# Defining what a church is



## Richard King (Jan 25, 2008)

I was reading this writing by Arthur W. Pink. 

Churches of God

As you read it you will no doubt have many questions.
I could go into a lot of issues he brings up like the Apostles creed etc.
BUT
I will start with one question.
When you (we?) say church do we mean the entire body of the elect or a local body of baptized believers?


----------



## Stephen (Jan 25, 2008)

The church is defined by the terms visible and invisible. The visible church is made up of all those who profess their faith along with their children. Not all members are elect. The invisible church is the complete number of the elect. Not all congregations are true churches, i.e Roman Catholic, liberal congregations, etc. Arthur Pink in his later years fell into error regarding the church. I would suspect, and this is only my opinion, that Pink would believe that the local church is made up of all who are saved, but I would disagree.


----------



## Iconoclast (Jan 26, 2008)

Richard King said:


> I was reading this writing by Arthur W. Pink.
> 
> Churches of God
> 
> ...



RICHARD,
I always get a lot of static on this, but this part of the article should be considered


> Now the kind of church which is emphasized in the N.T. is neither invisible nor universal; but instead, visible and local. The Greek word for "church" is ecclesia, and those who know anything of that language are agreed that the word signifies "An Assembly." Now an "assembly" is a company of people who actually assemble. If they never "assemble," then it is a misuse of language to call them "an Assembly." Therefore, as all of God’s people never have yet assembled together, there is today no "universal Church" or "Assembly." That "Church" is yet future; as yet it has no concrete or corporate existence



I know there a couple of verses that speak of the "church' in general or as a Divine institution. But the force of Pink's statement has to carry some weight..


----------



## AV1611 (Jan 26, 2008)

Richard King said:


> When you (we?) say church do we mean the entire body of the elect or a local body of baptized believers?

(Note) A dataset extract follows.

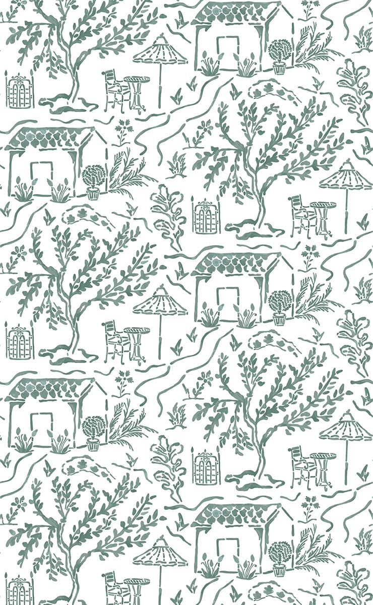 La Quintinie wallpaper unfolds a pictorial motif inspired by a garden imbued with poetry. Winding paths connect sheltered arbors, tables forgotten under parasols and soft foliage. The whole sketches a dream vision of a romantic park, bathed in a soothing calm. This creation by Nina Campbell evokes a suspended elsewhere, all in softness.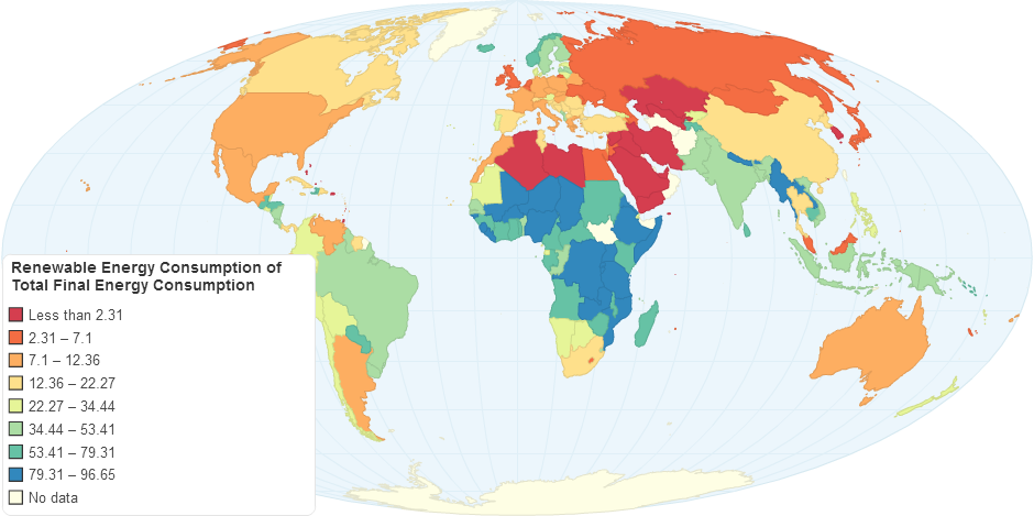 This map shows the renewable energy consumption of total final energy consumption worldwide

It would depend in what context I was speaking as both are true meanings.

*Chapter 25: Of the Church​*
*25:1* The catholic or universal Church which is invisible, consists of the whole number of the elect, that have been, are, or shall be gathered into one, under Christ the Head thereof; and is the spouse, the body, the fulness of Him that filleth all in all (Eph 1:10, 22, 23; 5:23, 27, 32; Col 1:18).

*25:2* The visible Church, which is also catholic or universal under the Gospel (not confined to one nation as before under the law), consists of all those throughout the world that profess the true religion (Psa 2:8; Rom 15:9-12; 1 Co 1:2; 12:12, 13; Rev 7:9); and of their children (Gen 3:15; 17:7; Eze 16:20, 21; Act 2:39; Rom 11:16; 1 Co 7:14): and is the kingdom of the Lord Jesus Christ (Isa 9:7; Mat 13:47), the house and family of God (Eph 2:19; 3:15), out of which there is no ordinary possibility of salvation (Act 2:47).

*25:3* Unto this catholic visible Church Christ hath given the ministry, oracles, and ordinances of God, for the gathering and perfecting of the saints, in this life, to the end of the world: and doth by His own presence and Spirit, according to His promise, make them effectual thereunto (Isa 59:21; Mat 28:19, 28:20; 1 Co 12:23; Eph 4:11-13).

*25:4 *This catholic Church hath been sometimes more, sometimes less visible (Rom 11:3, 4; Rev 12:6, 14). And particular Churches, which are members thereof, are more or less pure, according as the doctrine of the Gospel is taught and embraced, ordinances administered, and public worship performed more or less purely in them (1 Co 5:6, 7; Rev 2:1-3:22).

*25:5* The purest Churches under heaven are subject both to mixture and error (Mat 13:24-30, 47; 1 Co 13:12; Rev 2 and Rev 3): and some have so degenerated, as to become no Churches of Christ, but synagogues of Satan (Rom 11:18-22; Rev 18:2). Nevertheless, there shall be always a Church on earth, to worship God according to His will (Psa 72:17; Psa 102:28; Mat 16:18; 28:19, 20).

*25:6* There is no other head of the Church, but the Lord Jesus Christ (Eph 1:22; Col 1:18); nor can the Pope of Rome, in any sense, be head thereof; but is that Antichrist, that man of sin, and son of perdition, that exalteth himself, in the Church, against Christ and all that is called God (Mat 23:8-10; 2 Th 2:3, 4, 8, 9; Rev 13:6).


----------